Los Angeles-based electric vehicle startup Canu, which debuted at the Nasdaq Public Exchange earlier this year, is being investigated by the US Securities and Exchange Commission, a few months after its merger with special-purpose acquisition company Hennessy Capital Acquisition Corp. after.
The investigation is extensive, covering Hennessy’s initial public offering and merger with the company’s recent departures from some executives, as well as the company’s operations, business model, revenue, revenue strategy, customer agreements, earnings and other related topics . For the quarterly earnings report posted on Monday. Canu came to know about the investigation on 29 April. Canu’s stock price fell more than 3% in the hours after its first quarter earnings were released.
“The SEC has also informed the company that the investigation does not mean that it has concluded that someone has violated the law, and does not mean that it is negative about any person, institution or security Is of opinion.
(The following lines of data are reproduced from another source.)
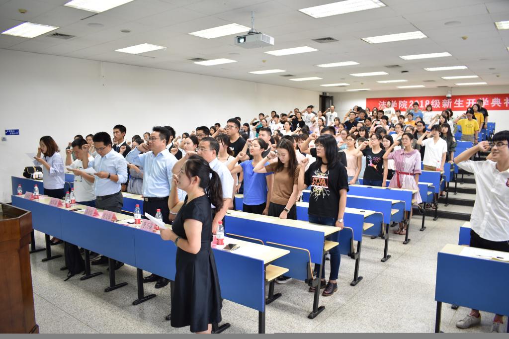 最后,全体新生在学生工作专职委员张乃钟老师的带领下庄重宣誓《k8体育·(sports)官方网站法科生誓词》,典礼在铿锵有力的誓词声中圆满结束。
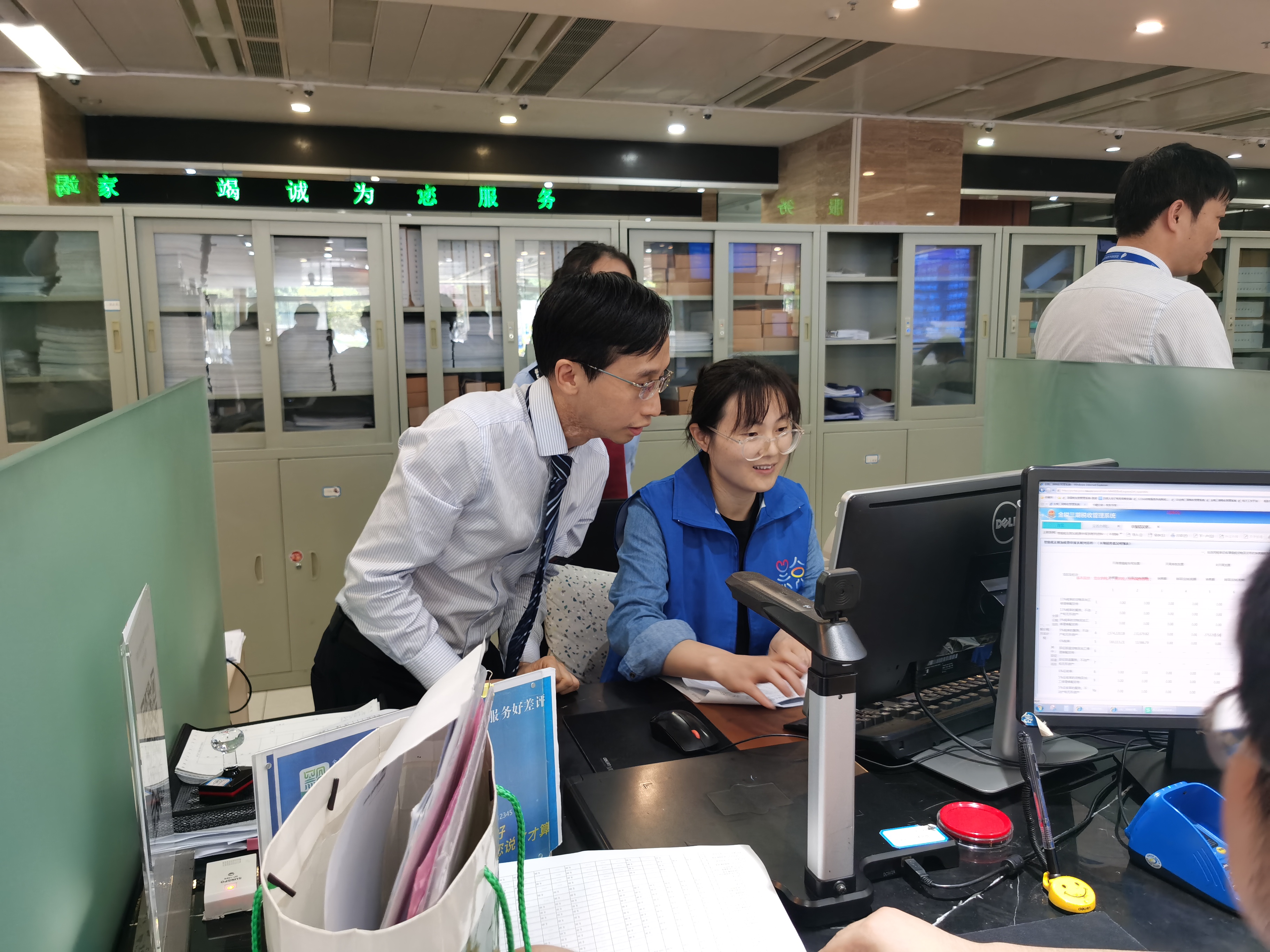此次活动还设置了办税窗口“走流程”体验,邀请“体验师”来到办税窗口,在工作人员的指导下,亲身体验办税缴费流程,操作电子税务局等办税缴费端系统,税务业务骨干还为体验者现场演示了办理过程中遇到问题快速进行解决。
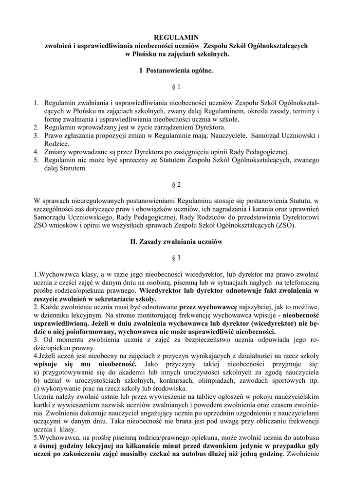 REGULAMIN zwolnień i usprawiedliwiania nieobecności uczniów Zespołu Szkół Ogólnokształcących w Płońsku na zajęciach szkolnych. I Postanowienia ogólne. §1 1. Regulamin zwalniania i usprawiedliwiania nieobecności uczniów Zespołu Szkół Ogólnokształcących w Płońsku na zajęciach szkolnych, zwany dalej Regulaminem, określa zasady, terminy i formę zwalniania i usprawiedliwiania nieobecności ucznia w szkole. 2. Regulamin wprowadzany jest w życie zarządzeniem Dyrektora. 3. Prawo zgłaszania propozycji zmian w Regulaminie mają: Nauczyciele, Samorząd Uczniowski i Rodzice. 4. Zmiany wprowadzane są przez Dyrektora po zasięgnięciu opinii Rady Pedagogicznej. 5. Regulamin nie może być sprzeczny ze Statutem Zespołu Szkół Ogólnokształcących, zwanego dalej Statutem. §2 W sprawach nieuregulowanych postanowieniami Regulaminu stosuje się postanowienia Statutu, w szczególności zaś dotyczące praw i obowiązków uczniów, ich nagradzania i karania oraz uprawnień Samorządu Uczniowskiego, Rady Pedagogicznej, Rady Rodziców do przedstawiania Dyrektorowi ZSO wniosków i opinii we wszystkich sprawach Zespołu Szkół Ogólnokształcących (ZSO). II. Zasady zwalniania uczniów §3 1.Wychowawca klasy, a w razie jego nieobecności wicedyrektor, lub dyrektor ma prawo zwolnić ucznia z części zajęć w danym dniu na osobistą, pisemną lub w sytuacjach nagłych na telefoniczną prośbę rodzica/opiekuna prawnego. Wicedyrektor lub dyrektor odnotowuje fakt zwolnienia w zeszycie zwolnień w sekretariacie szkoły. 2. Każde zwolnienie ucznia musi być odnotowane przez wychowawcę najszybciej, jak to możliwe, w dzienniku lekcyjnym. Na stronie monitorującej frekwencję wychowawca wpisuje - nieobecność usprawiedliwioną. Jeżeli w dniu zwolnienia wychowawca lub dyrektor (wicedyrektor) nie będzie o niej poinformowany, wychowawca nie może usprawiedliwić nieobecności. 3. Od momentu zwolnienia ucznia z zajęć za bezpieczeństwo ucznia odpowiada jego rodzic/opiekun prawny. 4.Jeżeli uczeń jest nieobecny na zajęciach z przyczyn wynikających z działalności na rzecz szkoły wpisuje się mu nieobecność. Jako przyczyny takiej nieobecności przyjmuje się: a) przygotowywanie się do akademii lub innych uroczystości szkolnych za zgodą nauczyciela b) udział w uroczystościach szkolnych, konkursach, olimpiadach, zawodach sportowych itp. c) wykonywanie prac na rzecz szkoły lub środowiska. Ucznia należy zwolnić ustnie lub przez wywieszenie na tablicy ogłoszeń w pokoju nauczycielskim kartki z wywieszeniem nazwisk uczniów zwalnianych i powodem zwolnienia oraz czasem zwolnienia. Zwolnienia dokonuje nauczyciel angażujący ucznia po uprzednim uzgodnieniu z nauczycielami uczącymi w danym dniu. Taka nieobecność nie brana jest pod uwagę przy obliczaniu frekwencji ucznia i klasy. 5.Wychowawca, na prośbę pisemną rodzica/prawnego opiekuna, może zwolnić ucznia do autobusu z ósmej godziny lekcyjnej na kilkanaście minut przed dzwonkiem jedynie w przypadku gdy uczeń po zakończeniu zajęć musiałby czekać na autobus dłużej niż jedną godzinę. Zwolnienie to może dotyczyć całego okresu lub roku. Fakt ten wychowawca odnotowuje w dzienniku lekcyjnym, na stronach „Uwagi i spostrzeżenia…”, a zwolnienia przechowuje w dokumentacji wychowawcy. III Zasady usprawiedliwiania nieobecności. §4 1. Usprawiedliwienie nieobecności na zajęciach szkolnych uczniów w wieku do 18 lat musi być dokonywane wyłącznie w formie pisemnej przez rodziców. 2. Uczniowie pełnoletni mogą sami usprawiedliwiać swoją nieobecność w szkole w formie pisemnej z podaniem przyczyny nieobecności. 3. Jeśli okaże się, że usprawiedliwienie dostarczone przez ucznia wychowawcy jest niezgodne z prawdą, nauczyciel może odmówić usprawiedliwienia nieobecności na zajęciach. 4. Uczniowie dostarczający nieprawdziwe usprawiedliwienia ponoszą kary przewidziane w Statucie Szkoły. 5. Każda nieobecność jednogodzinna lub kilkugodzinna /niecałodniowa/ ucznia w szkole musi być poprzedzona telefonem od rodziców lub pisemnym oświadczeniem rodzica usprawiedliwiającym nieobecność. 6. Nieobecność automatycznie staje się nieusprawiedliwioną i jest traktowana jak wagary, jeśli uczeń samowolnie opuści szkołę bez pisemnego lub telefonicznego usprawiedliwienia (zwolnienia) w dniu nieobecności. Takiej nieobecności wychowawca nie może już usprawiedliwić. 7. W przypadku nieobecności ciągłej trwającej powyżej tygodnia wychowawca klasy zobowiązany jest skontaktować się telefonicznie z rodzicami/prawnymi opiekunami/ lub uczniem pełnoletnim i wyjaśnić zaistniałą sytuację. III Formy usprawiedliwiania nieobecności. §5 1. Usprawiedliwienie nieobecności ucznia na zajęciach musi mieć formę oświadczenia pisemnego. 2. W wyjątkowych sytuacjach /nagła choroba rodzica, opiekuna prawnego, zdarzenia losowe uniemożliwiające dostarczenie w terminie oświadczenia/ oświadczenie może zostać przekazane ustnie. 3. Oświadczenie musi zawierać: A. imię i nazwisko ucznia, B. numer klasy, do której uczęszcza, C. dzień /czas/ nieobecności, D. powód nieobecności, E. datę wystawienia, F. czytelny podpis osoby składającej oświadczenie. 2 IV Terminy usprawiedliwiania nieobecności §6 1. Oświadczenie na piśmie usprawiedliwiające nieobecność uczeń dostarcza wychowawcy klasy w ciągu tygodnia od powrotu do szkoły, nie później niż na pierwszej godzinie do dyspozycji wychowawcy. 2. Oświadczenia na piśmie usprawiedliwiające nieobecność ucznia w szkole dostarczone po terminie określonym powyżej nie są podstawą do usprawiedliwienia uczniowi nieobecności. IV Postanowienia końcowe §7 1. W przypadku dłuższej niż dwutygodniowa nieobecności w szkole /pobyt w sanatorium lub szpitalu/, ucznia obowiązują określone wyżej zasady usprawiedliwiania nieobecności. 2. Nieobecność, o której mowa w § 5. pkt. 1, odnotowuje się w dzienniku lekcyjnym, ale nie wp
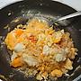 中午飯有剩有一點 加上外面下雨懶得出去 就隨便弄了 打了兩顆蛋再加兩片起司 意外的好吃.
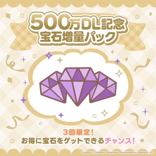 「宝石(有償)」を期間限定でお得にご購入いただけるパックを販売します。販売内容の詳細については、アプリ内のショップ画面よりご確認ください。
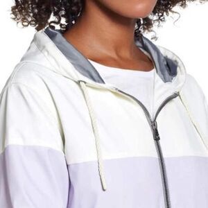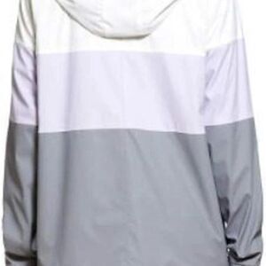 Weatherproof vintage Lightweight, water-resistant hooded windbreaker jacket in purple and white. Features a zip closure, drawstring hood, and pockets. #windbreakerjacket #weatherproof
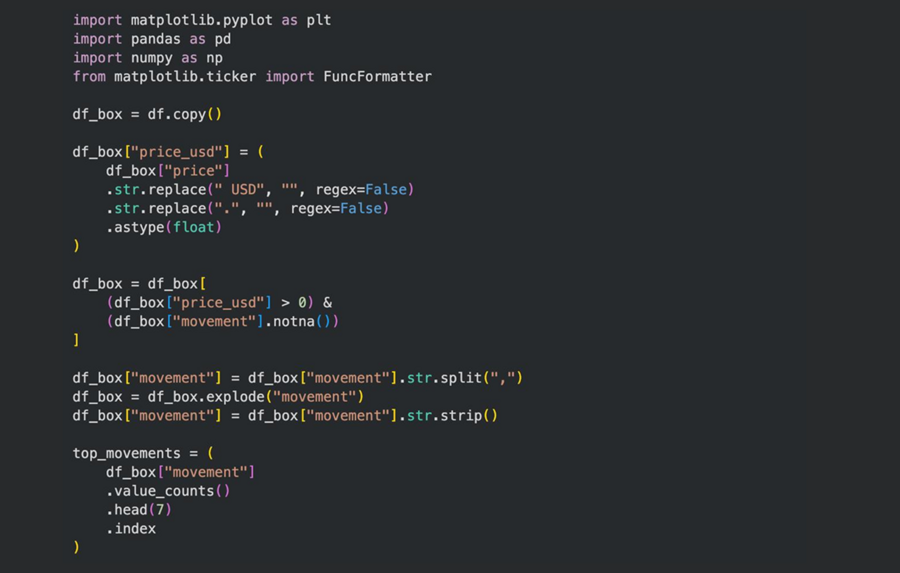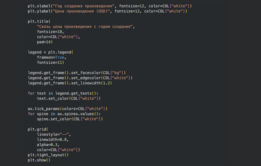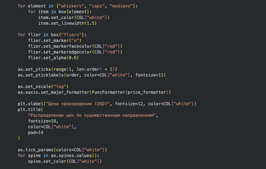 • Описательная статистика (медиана) — применялась для расчёта центральной тенденции цен, что позволило получить устойчивую оценку «типичной» стоимости произведений, менее чувствительную к экстремально дорогим объектам.
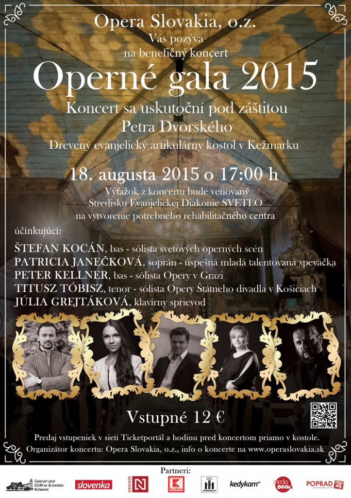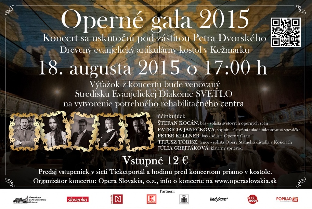 Opera Slovakia, o. z., vás pozýva na operný benefičný galakoncert – Operné gala 2015 v Evanjelickom drevenom artikulárnom kostole v Kežmarku 18. augusta 2015 o 17.00 hod. . Výťažok z koncertu pod záštitou Petra Dvorského bude venovaný Stredisku Evanjelickej diakonie SVETLO na vytvorenie rehabilitačného centra.
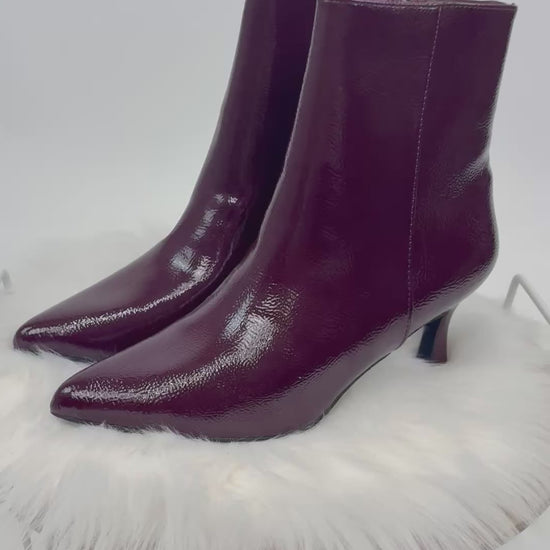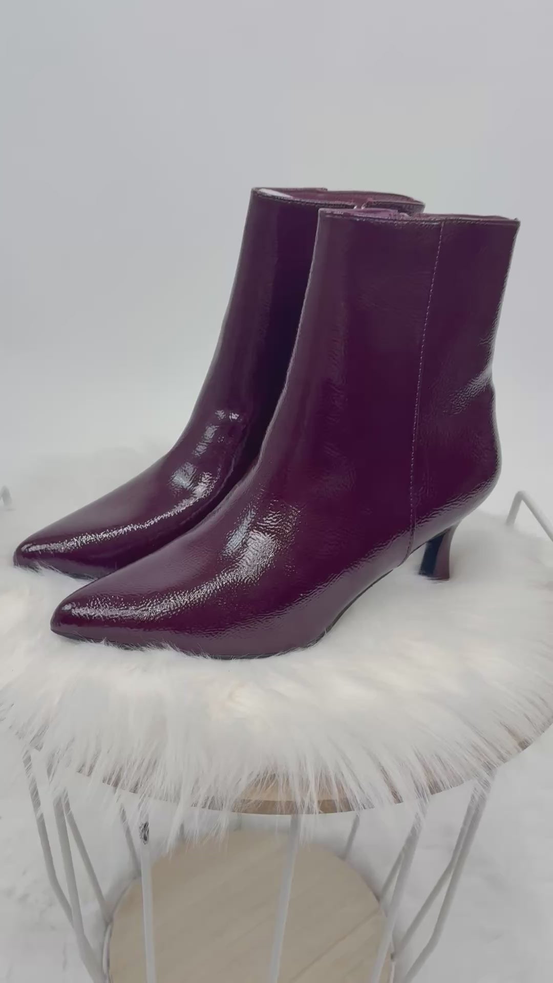 Setze ein modisches Statement mit diesen eleganten Damen Stiefeletten in glänzender Lack-Optik. Die Spitz zulaufende Vorderpartie und der schmale Schnitt verleihen dem Schuh eine besonders feminine und zugleich moderne Silhouette. In edlem Bordeaux-Ton gehalten, sind sie ein echter Hingucker – perfekt für stilvolle Herbst- und Winter-Looks.
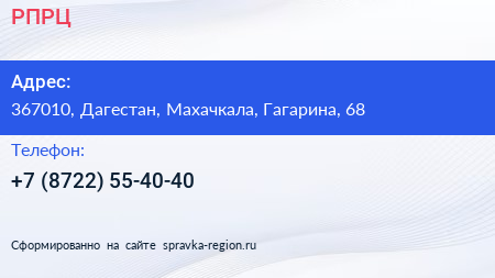 РПРЦ по адресу 367010, Дагестан, Махачкала, Гагарина, 68 в дальнейшем Организация, размещена в следующих категориях:
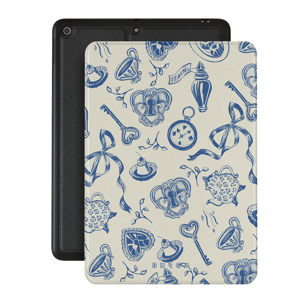 En este diseño: tazas de té, teteras, relojes de bolsillo, llave, corazones, cerámica, patrón azul y blanco.
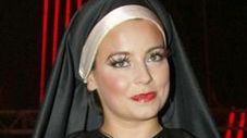 Aktorka wystąpiła w stroju zakonnicy, który wzbogaciła czerwoną podwiązką.
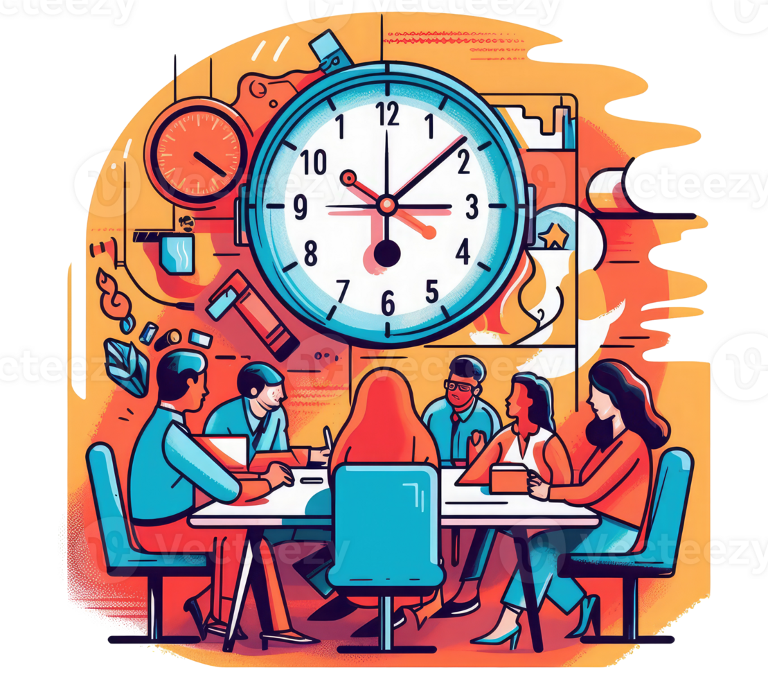 concept of effective meetings, with a diverse group of people collaborating at a modern conference table, a clear agenda displayed on a presentation screen, and a digital timer counting . Pro PNG
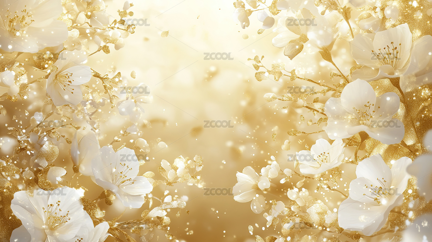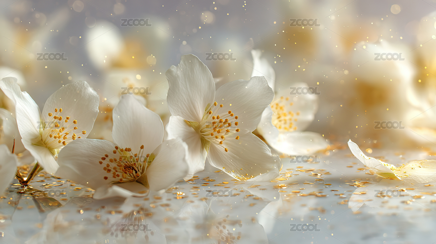 绽放的白色花朵与金色光斑
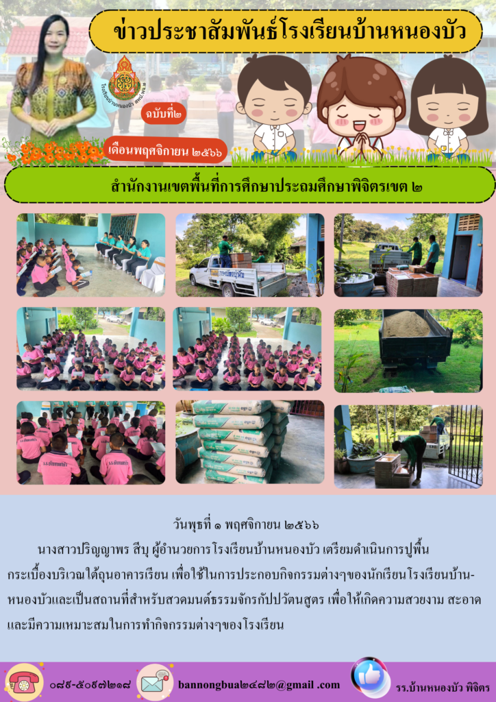 วันที่ 1 พ.ย.66 เตรียมดำเนินการปูพื้นกระเบื้องบริเวณใต้ถุนอาคารเรียน

We intend to provide the requested information and fully cooperate in the SEC investigation, “Canu noted in the regulatory filing. Kanu said he does not consider investigations or other lawsuits to be important to his business.
The SEC investigation follows a string of executive departures, changes to some key pieces of its business model, the loss of a major automotive partnership and at least one lawsuit brought by shareholders. And this is the only activity from the year before.
Canoo debuted as Evelozcity in 2017, founded by former Faraday Future executives Stephen Kruse and Ulrich Kranz. The company rebranded as Canu in spring 2019 and debuted its first vehicle several months later. It was the first vehicle, as well as Canu’s plan to offer it as a subscription only, which attracted the attention of investors, companies and media. Last year, Hyundai announced a partnership with Canu for co-development of EVs, but according to comments made by the company’s president, the company was said to be changing its business model and not offering engineering services to other automakers The deal broke down in early 2021 after the decision was made. Now CEO Tony Aquila on the call of investors in March.
Canu retains a number of executive departures, including co-founder and CEO Kranz, general counsel Andrew Wolston, CFO Paul Balsiunas, and head of powertrain development. Kruse, who was the company’s first CEO, stepped down in August 2019. Last month, Kanu was also named as a defendant in two class-action complaints filed by shareholders.
Between the executive exit and the business axis, the company has managed to reduce its quarterly losses despite increasing R&D expenditure and no revenue. The company reported a net loss of $ 15.2 million, or 7 cents per share, in the first quarter on Monday, compared with a loss of $ 30.9 million, or 37 cents per share, in the year-ago period. The company said it ended the quarter with $ 641.9 million in cash and equivalents.